■ INSTRUCTIONS FOR THE TASK ■
Leave out every picture, and output exactly the lines from the line containing "与此同时,由于政府转移收入大" through the last line of the data.

■ SUPPLIED RECORDS ■
▼

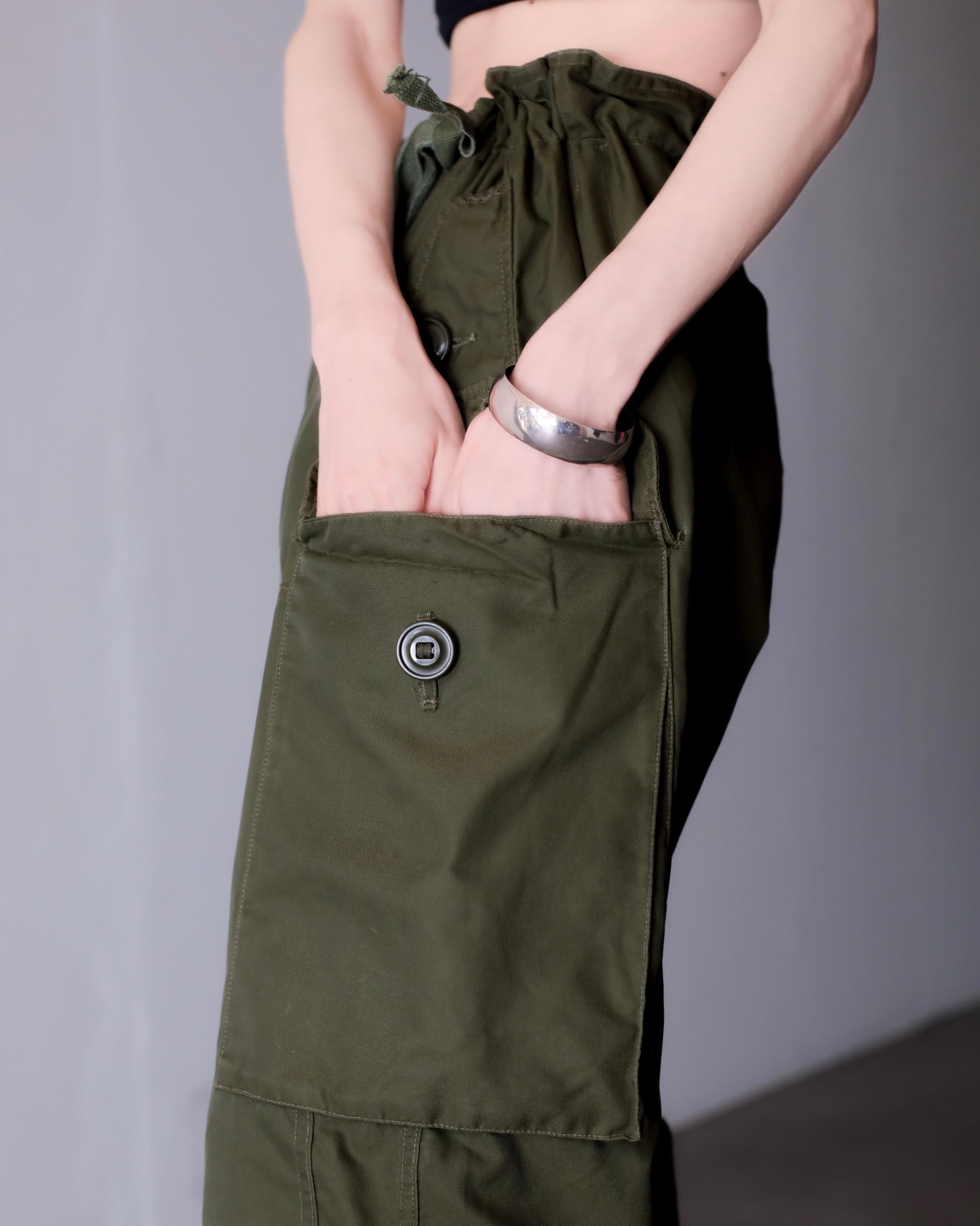 カナダ軍らしい大振りなスロットボタン(パラシュートボタン)が特徴的でタックインした時にもアクセントになります。
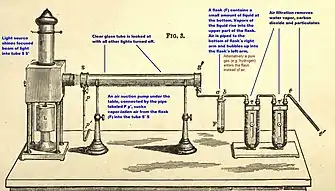- In the lab he came up with the following simple way to obtain "optically pure" air, i.e. air that has no visible signs of particulate matter. He built a square wooden box with a couple of glass windows on it. Before closing the box, he coated the inside walls and floor of the box with glycerin, which is a sticky syrup. He found that after a few days' wait the air inside the box was entirely particulate-free when examined with strong light beams through the glass windows. The various floating-matter particulates had all ended up getting stuck to the walls or settling on the sticky floor.[33] Now, in the optically pure air there were no signs of any "germs", i.e. no signs of floating micro-organisms. Tyndall sterilised some meat-broths by simply boiling them, and then compared what happened when he let these meat-broths sit in the optically pure air, and in ordinary air. The broths sitting in the optically pure air remained "sweet" (as he said) to smell and taste after many months of sitting, while the ones in ordinary air started to become putrid after a few days. This demonstration extended Louis Pasteur's earlier demonstrations that the presence of micro-organisms is a precondition for biomass decomposition. However, the next year (1876) Tyndall failed to consistently reproduce the result. Some of his supposedly heat-sterilized broths rotted in the optically pure air. From this Tyndall was led to find viable bacterial spores (endospores) in supposedly heat-sterilized broths. He discovered the broths had been contaminated with dry bacterial spores from hay in the lab. All bacteria are killed by simple boiling, except that bacteria have a spore form that can survive boiling, he correctly contended, citing research by Ferdinand Cohn. Tyndall found a way to eradicate the bacterial spores that came to be known as "Tyndallization". Tyndallization historically was the earliest known effective way to destroy bacterial spores. At the time, it affirmed the "germ theory" against a number of critics whose experimental results had been defective from the same cause. During the mid-1870s Pasteur and Tyndall were in frequent communication.[34][35]
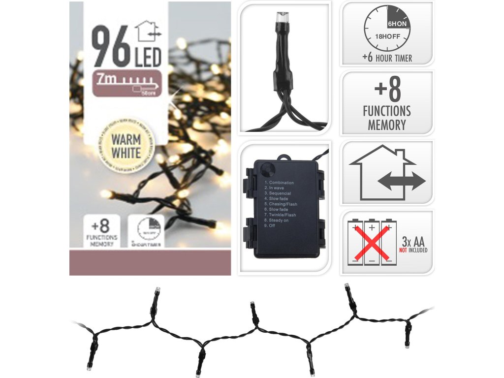Vánoční osvětlení 7 m, 96LED, teplá BÍ, 8 funkcí, ZE, IP44.
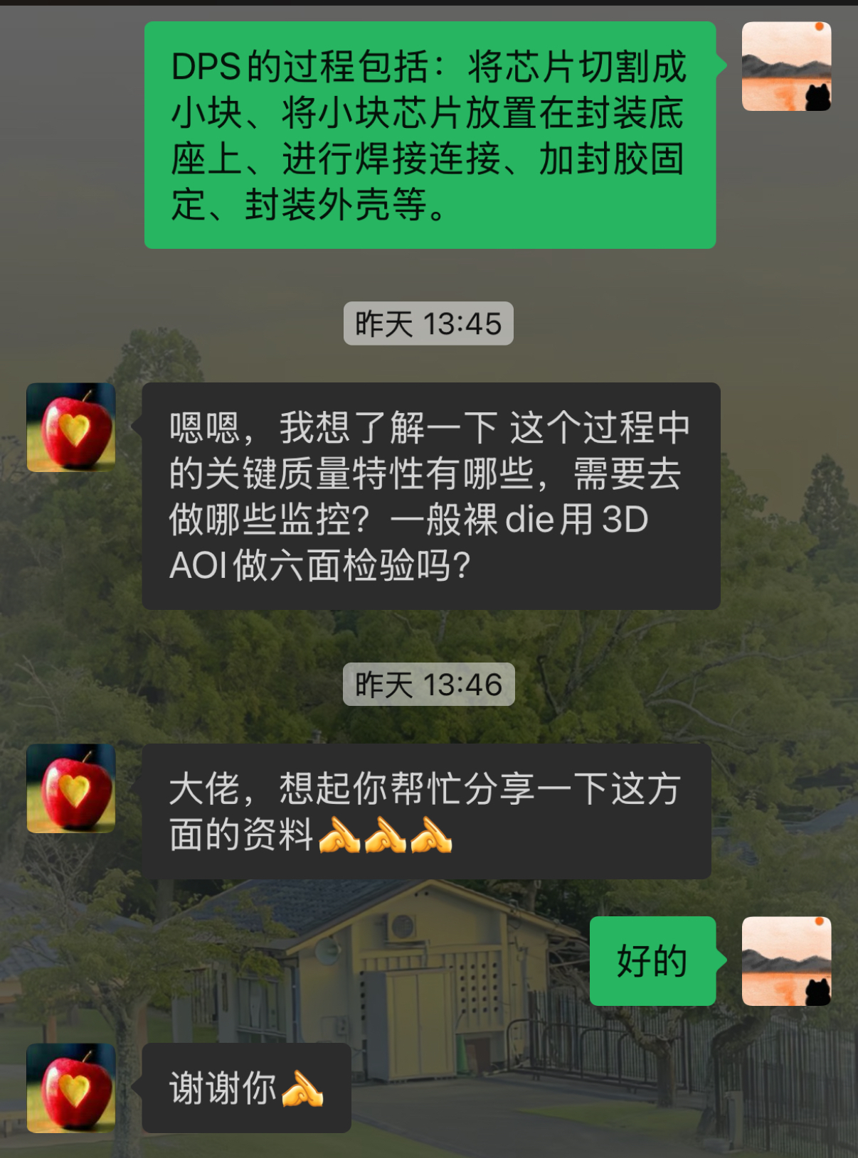 在一个寻常的午后,阳光轻洒,我收到了一位读者的私信。他说读到了我的一篇文章《关于WLCSP晶圆级封装的知识》,然后觉得很想深入了解和学习一下这方面的知识点,于是便通过我的微信公众号添加了我的微信,并向我咨询了相关的问题,我也很开心收到粉丝朋友的提问,后面也是在周末整理了相关的内容,并发表了一篇关于DPS工艺的技术文章,也是获得了很好的点评。
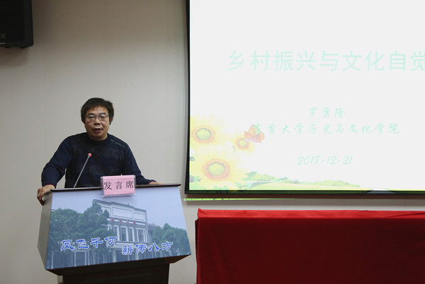 历史与文化学院院长罗康隆作“乡村振兴与文化自觉”的主题报告。他指出当前乡村振兴思路大部分停留在娱乐方面,应充分重视文化自觉对于乡村振兴的积极作用。在乡村振兴中,乡民是主体,民间文化是凭依,产业是归宿,乡村之景是振兴发展的舞台,只有综合以上元素,才能够演出一场优秀完美的乡村振兴大戏。
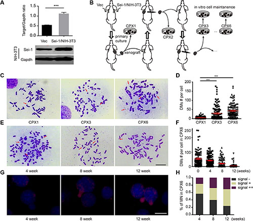 Figure 1: DMs population evolution in vivo and in vitro. (A) Western blot results show Sei-1 overexpression in NIH-3T3 cell clone Sei-1/NIH-3T3 compared with Vec. Upper, quantification of western blot results (n = 3), lower, representative western blot image. (B) Flow chart of in vivo and in vitro passage procedure. Three parallel procedures were employed, each mouse bore two tumor implants. (C) Metaphase spread images of primary cells CPX1, CPX3 and CPX6. Red arrows indicated the DMs. (E) Metaphase spread of CPX6 after four, eight, and 12 weeks of in vitro passage. (D) DMs count in CPX1, CPX3 and CPX6, for each group, n = 110 from three independent studies. (F) DMs number per karyotype in primary cells in four, eight, and 12 weeks of in vitro passage, n = 100 for each group. (G) FISH assays that show DMs signals in MNs after four, eight, and 12 weeks of in vitro passage. (H) The percentage of MNs with different staining states—“–”, no DMs signal, “+”, 0–50% DMs signal, and “++”–50% –100% DMs signals after four, eight, and 12 weeks of in vitro passage. Scale Bar, 10 μm. ***P < 0.001.
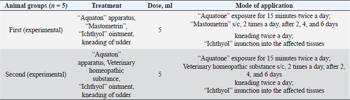 Open Vet. J.. 2023; 13(2): 193-201 Open Veterinary Journal, (2023), Vol. 13(2): 193–201 Original Research Development of unconventional treatments for mastitis in dairy cattleAigerim A. Kukeeva1*, Talgat Zh. Abdrakhmanov1, Aibar N. Akhmetov2, Askar A. Terklibaev1 and Kanat M. Kamsaev11Department of Veterinary Medicine, Faculty of Veterinary Sciences and Animal Husbandry, Saken Seifullin Kazakh Agro Technical University, Astana, Republic of Kazakhstan 2Department of Veterinary Sanitation, Faculty of Veterinary Sciences and Animal Husbandry, Saken Seifullin Kazakh Agro Technical University, Astana, Republic of Kazakhstan *Corresponding Author: Aigerim A. Kukeeva. Department of Veterinary Medicine, Faculty of Veterinary Sciences and Animal Husbandry, Saken Seifullin Kazakh Agro Technical University, Astana, Republic of Kazakhstan. Email: ai.kukeeva [at] gmail.com Submitted: 13/10/2022 Accepted: 16/01/2023 Published: 13/02/2023 AbstractBackground: The increase in the intensity of livestock industries, by improving the technology of animal product manufacturing, largely depends on the correct organization of herd reproduction and the intensity of using the biological capabilities of the animal organism. Various diseases, including such common diseases as mastitis, complicate the successful reproduction and growth of enterprise productivity. The widespread use of antibiotic-containing drugs for the treatment of mastitis creates a number of inevitable consequences for the body. The relevance of the study is due to the fact that the residual content of antibiotics in the collected milk after the course of treatment poses a serious danger to human health and reduces the quality of dairy products obtained from such milk. Aim: The authors set the task of developing a new, antibiotic-free method of treating bovine mastitis. This paper is devoted to the problem of improving methods of treating the subclinical mastitis in dairy cattle by alternative methods during the interlactation period. Methods: The leading method for the study of this problem is an experimental method that allows to develop and test a veterinary homeopathic substance for the treatment of subclinical mastitis in cows during the interlactation period. Results: This paper presents materials on the typification of microflora in the milk of cows with subclinical mastitis and the effectiveness of a veterinary homeopathic substance developed by the authors. The use of the veterinary homeopathic substance provided a high therapeutic effect, and did not cause side effects and complications in cows. Conclusion: The resulting veterinary substance was tested and introduced into the “Izhevskiy” natural complex of Akmola region as a new alternative method of treating subclinical mastitis in cows. Based on this substance, a drug for the treatment of mastitis will be developed and proposed for production. Keywords: Dairy cattle, Mastitis, Unconventional therapies, Homeopathic substance, Pharmacotherapeutic effect. IntroductionBovine mastitis is the most common disease affecting dairy farms around the world. The economic losses associated with mastitis derive mainly from reduced milk production and, to a lesser extent, culling of lactating animals, veterinary costs, and milk quality penalties (Mylostyvyi et al., 2021a,b; Huilca-Ibarra et al., 2022). Mastitis is caused by a wide range of pathogenic agents that penetrate the lacteous glands and multiply in the udder. Often the cause of mastitis is a small group of bacteria, including Staphylococci, Streptococcus uberis, mycoplasmas, and Escherichia coli Carrillo-Casas and Miranda-Morales, 2012). Bovine mastitis is recognized as the most common and costly disease affecting dairy herds. The disease results in huge financial losses for the dairy industry as a result of lower yields and milk quality, death and culling of affected cows, and associated treatment costs. The disease occurs as a result of the invasion of the lacteous glands by pathogenic bacteria, followed by their reproduction in the mammary tissues (Mushtaq et al., 2017). The clinical symptoms of the cows with mastitis (Libisch et al., 2022):
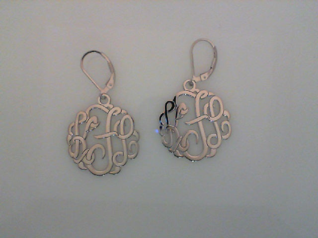 Sterling Silver Monogram Lever Back Earrings 25mmKFL
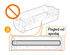 ) ne praskajte in je ne izpostavljajte svetlobi.![]() Kartuše s tonerjem ne odstranite iz naprave ali iz zaščitne embalaže, če to ni potrebno.
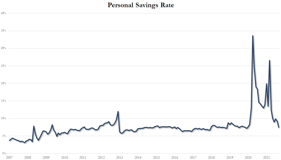 与此同时,由于政府转移收入大幅减少了7%,储蓄率降至7.5%,为2019年12月以来的最低水平。目前个人绝对储蓄只有1.336万亿美元。
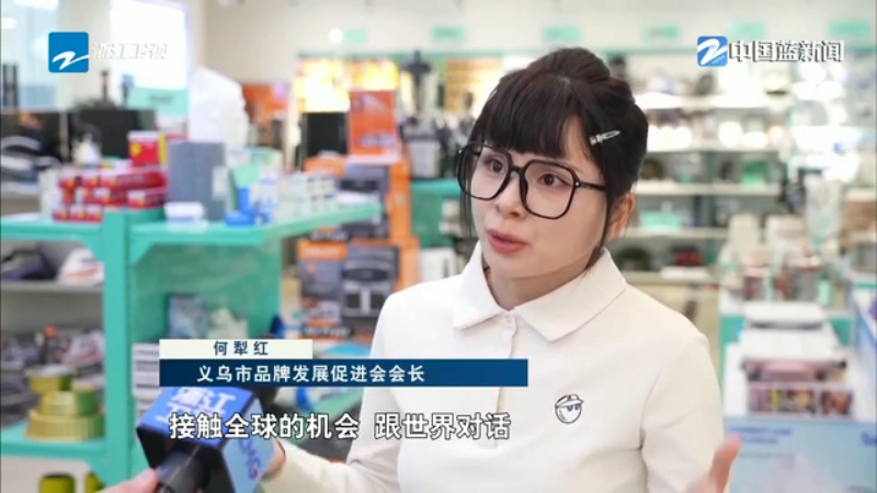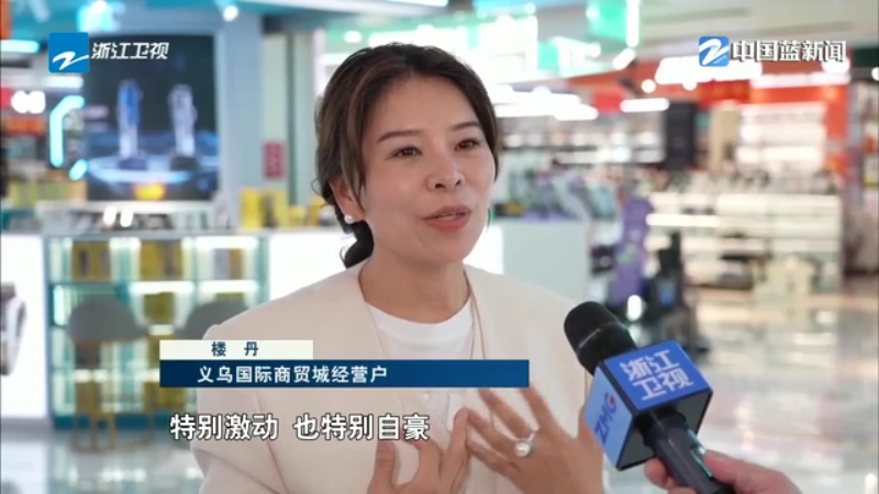 义乌国际商贸城经营户 楼 丹:特别激动,也特别自豪,我觉得我们义乌的经营户就是在敢闯敢试敢拼的一个时代去创出来的,现在我们是到出海卖品牌,我们要把我们的品牌带到全球去。
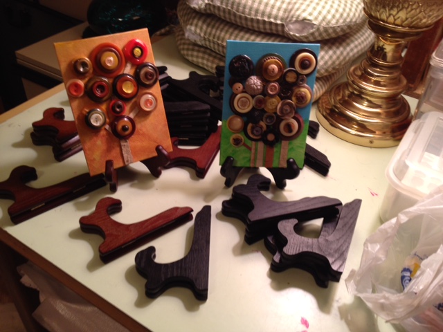 My sister Pat and I have been using her vintage antique buttons to make canvas button flower bouquets.
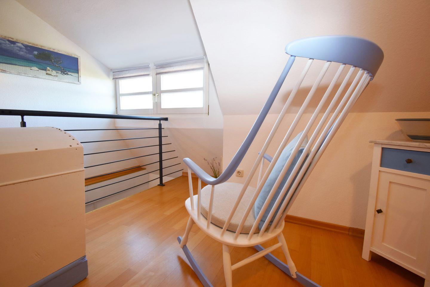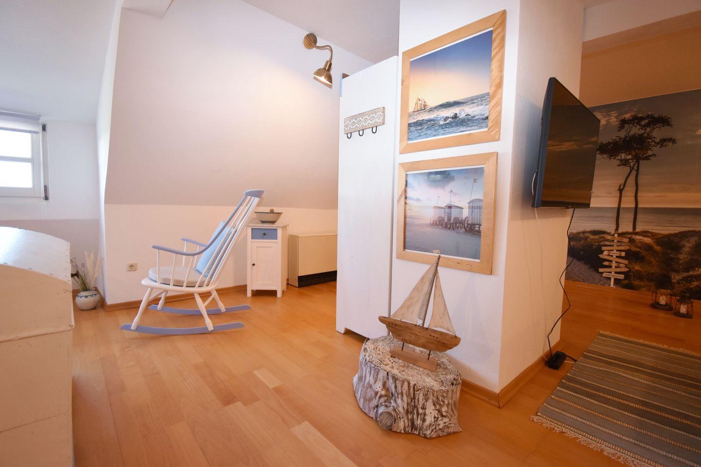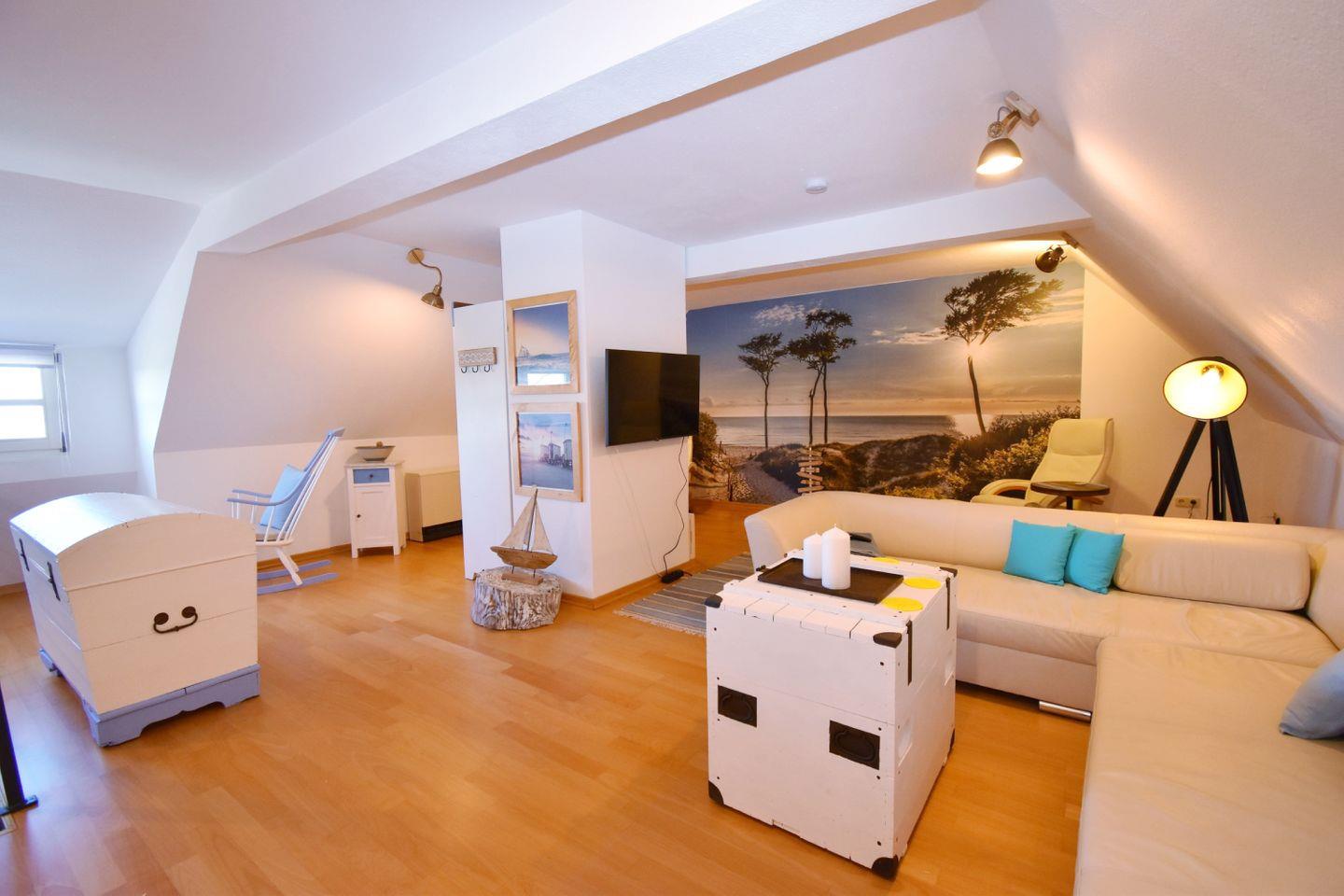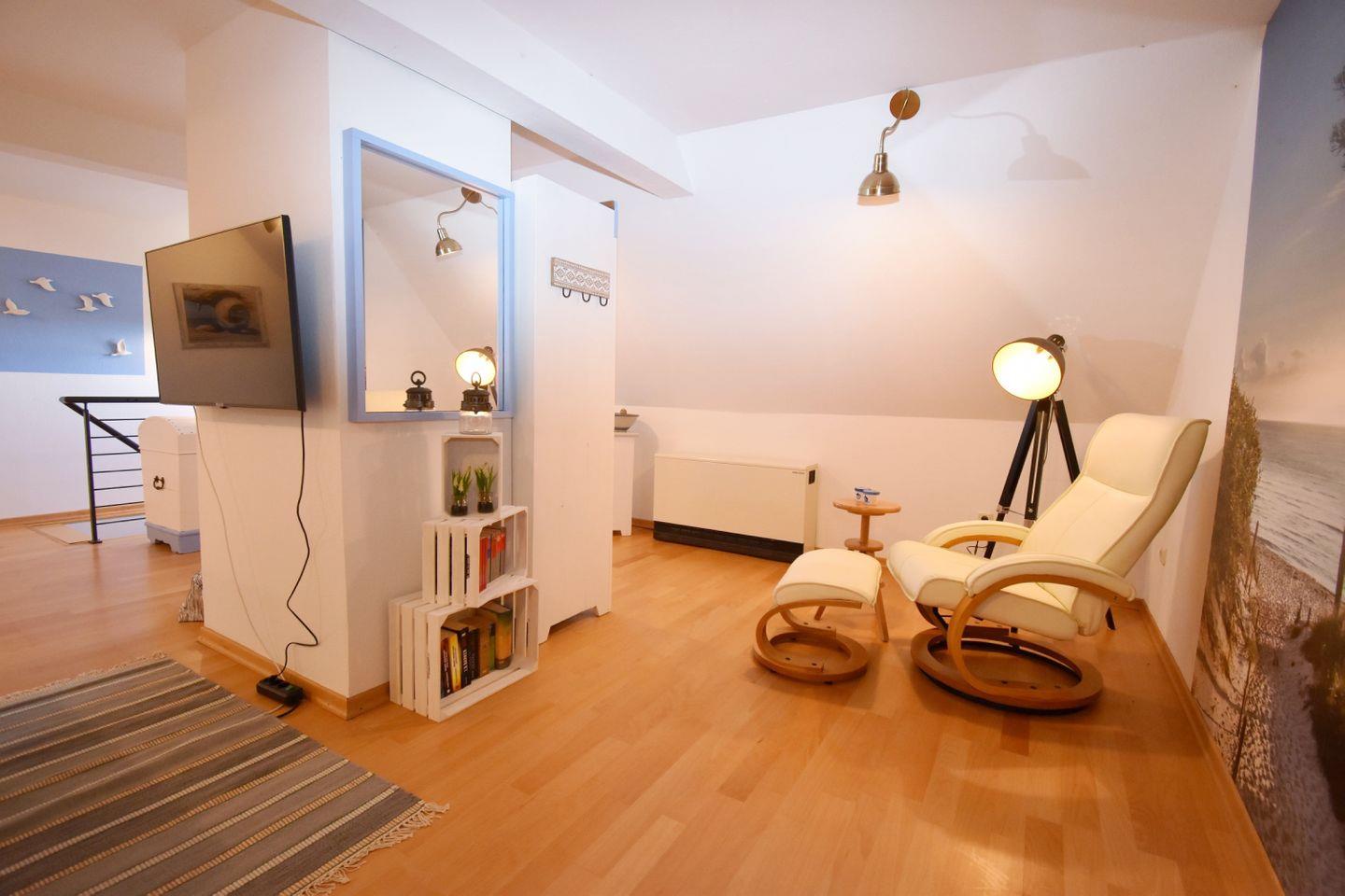 Im Dachgeschoss befindet sich der offene Wohnbereich: ein Ecksofa für entspannte Abende, eine gemütliche Leseecke und viel Raum zum Durchatmen. Das Sofa kann bei Bedarf als zusätzliche Schlafgelegenheit genutzt werden. Kostenfreies WLAN über einen Gigacube steht ebenfalls zur Verfügung.

▲

■ RESULT OF THIS EXERCISE ■
 与此同时,由于政府转移收入大幅减少了7%,储蓄率降至7.5%,为2019年12月以来的最低水平。目前个人绝对储蓄只有1.336万亿美元。
 义乌国际商贸城经营户 楼 丹:特别激动,也特别自豪,我觉得我们义乌的经营户就是在敢闯敢试敢拼的一个时代去创出来的,现在我们是到出海卖品牌,我们要把我们的品牌带到全球去。
 My sister Pat and I have been using her vintage antique buttons to make canvas button flower bouquets.
 Im Dachgeschoss befindet sich der offene Wohnbereich: ein Ecksofa für entspannte Abende, eine gemütliche Leseecke und viel Raum zum Durchatmen. Das Sofa kann bei Bedarf als zusätzliche Schlafgelegenheit genutzt werden. Kostenfreies WLAN über einen Gigacube steht ebenfalls zur Verfügung.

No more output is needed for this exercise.